→ MATERIALS PROVIDED
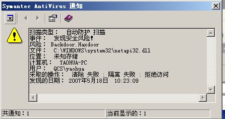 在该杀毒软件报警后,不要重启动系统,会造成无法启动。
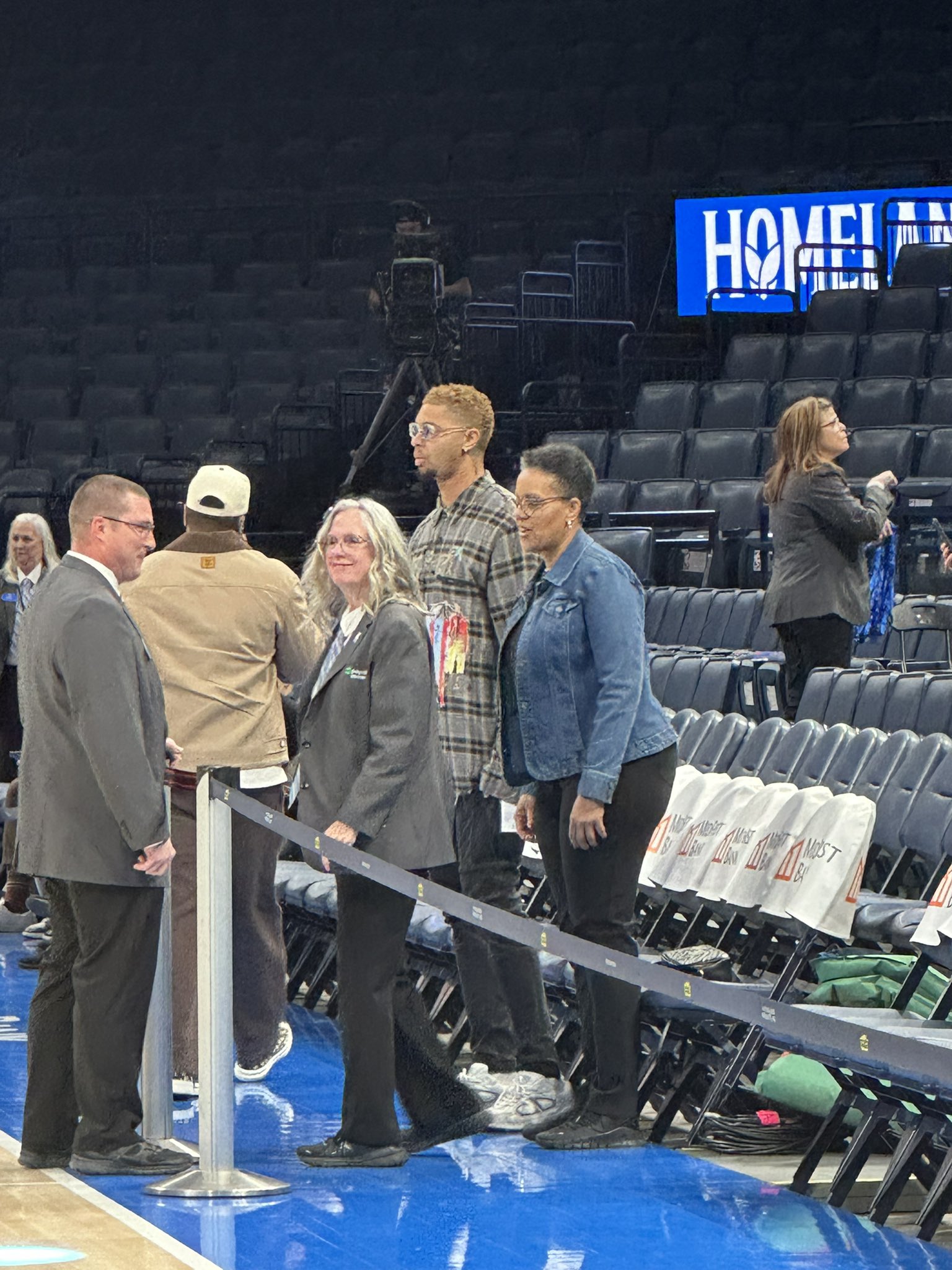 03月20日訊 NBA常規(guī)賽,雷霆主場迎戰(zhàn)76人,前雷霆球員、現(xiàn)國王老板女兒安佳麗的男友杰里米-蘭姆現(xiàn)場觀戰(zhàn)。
--
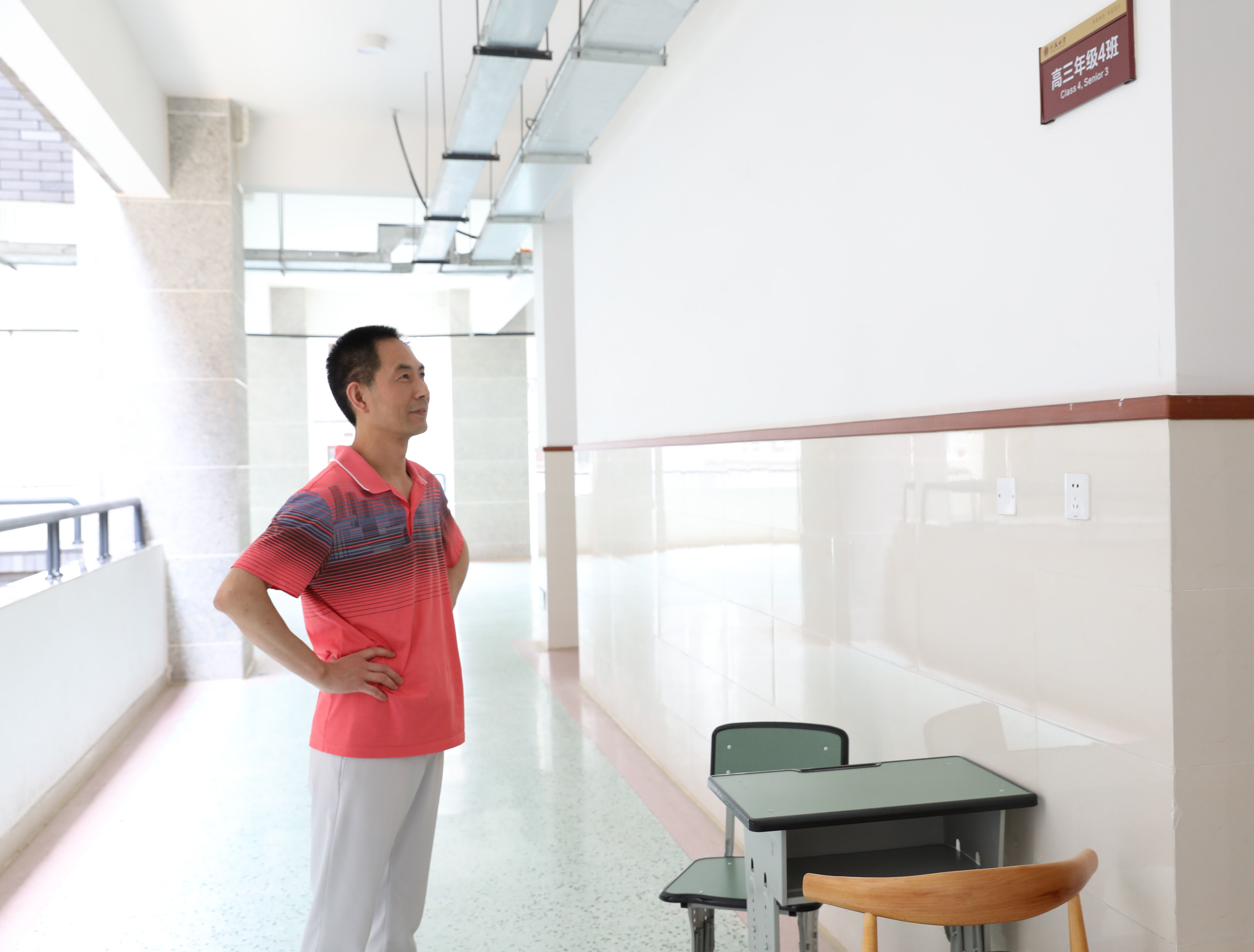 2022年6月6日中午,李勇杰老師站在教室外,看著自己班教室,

→ TASK
Your answer must be the exact lines from the records above, from the one containing "在该杀毒软件报警后,不要重启动系统,会造成无法启动。" through the one containing "03月20日訊 NBA常規(guī)賽,雷霆主場迎戰(z", both included, with every picture left out.

→ RESPONSE AREA
 在该杀毒软件报警后,不要重启动系统,会造成无法启动。
 03月20日訊 NBA常規(guī)賽,雷霆主場迎戰(zhàn)76人,前雷霆球員、現(xiàn)國王老板女兒安佳麗的男友杰里米-蘭姆現(xiàn)場觀戰(zhàn)。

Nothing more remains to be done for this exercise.